> **WHAT THE EXERCISE ASKS**
With the material below, print exactly the lines between the line holding "Cute park for" and the line holding "Le constat est", inclusive. Add nothing else.

> **MATERIAL PROVIDED**
*** Begin section ***
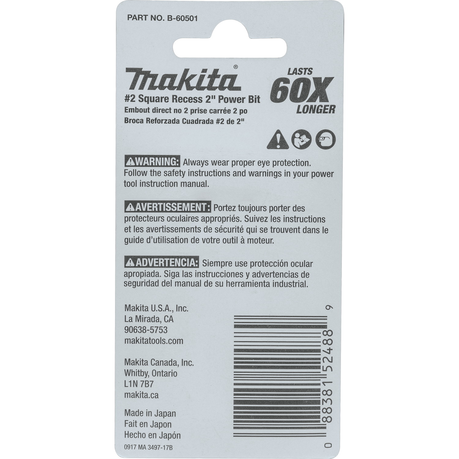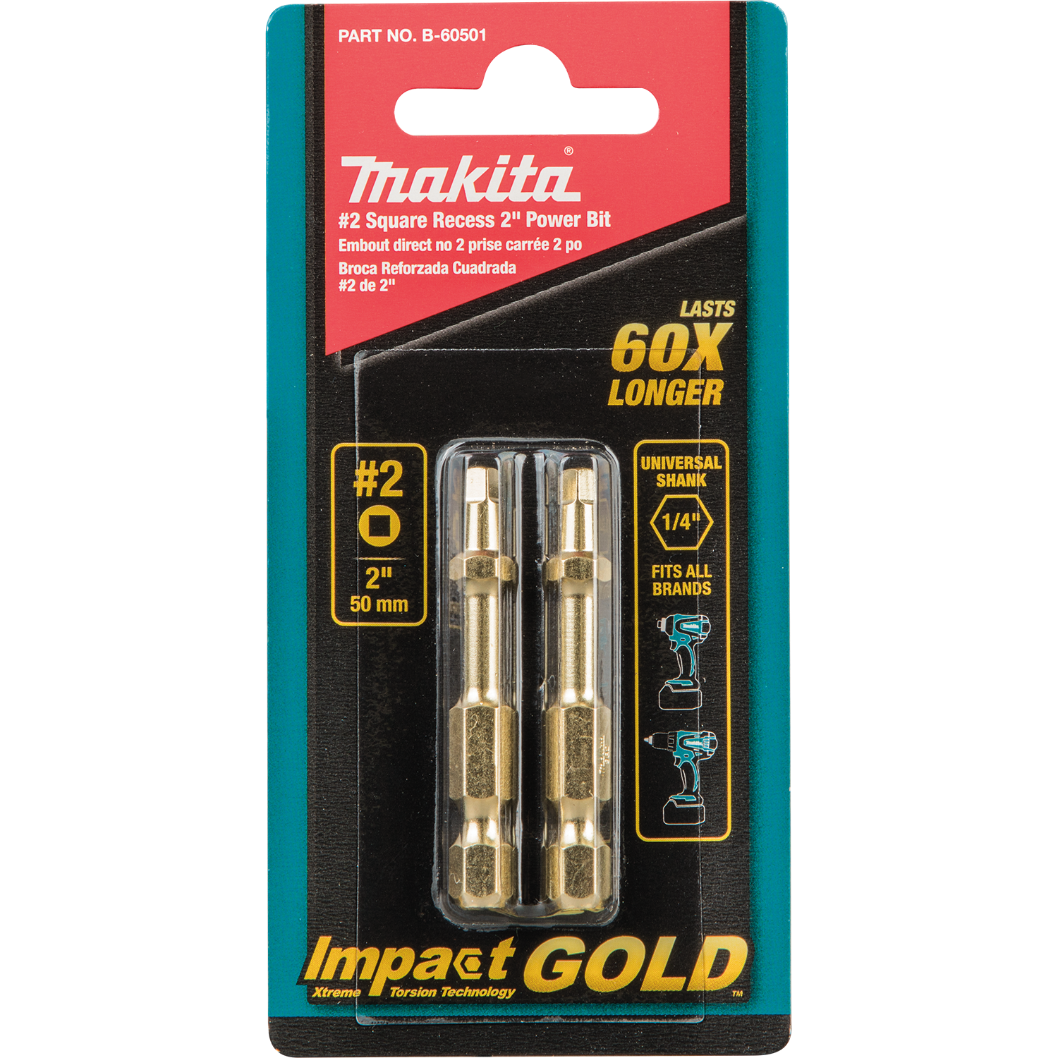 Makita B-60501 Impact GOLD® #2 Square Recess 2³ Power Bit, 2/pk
*** End section ***
*** Begin section ***
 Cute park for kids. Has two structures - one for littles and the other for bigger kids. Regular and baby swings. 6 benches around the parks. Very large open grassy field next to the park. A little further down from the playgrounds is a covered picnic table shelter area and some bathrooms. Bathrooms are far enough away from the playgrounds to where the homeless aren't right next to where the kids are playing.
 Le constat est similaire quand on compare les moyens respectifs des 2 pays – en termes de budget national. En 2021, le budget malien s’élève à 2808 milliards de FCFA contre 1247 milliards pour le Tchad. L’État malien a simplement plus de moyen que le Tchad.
*** End section ***
> **WRITTEN RESPONSE**
 Cute park for kids. Has two structures - one for littles and the other for bigger kids. Regular and baby swings. 6 benches around the parks. Very large open grassy field next to the park. A little further down from the playgrounds is a covered picnic table shelter area and some bathrooms. Bathrooms are far enough away from the playgrounds to where the homeless aren't right next to where the kids are playing.
 Le constat est similaire quand on compare les moyens respectifs des 2 pays – en termes de budget national. En 2021, le budget malien s’élève à 2808 milliards de FCFA contre 1247 milliards pour le Tchad. L’État malien a simplement plus de moyen que le Tchad.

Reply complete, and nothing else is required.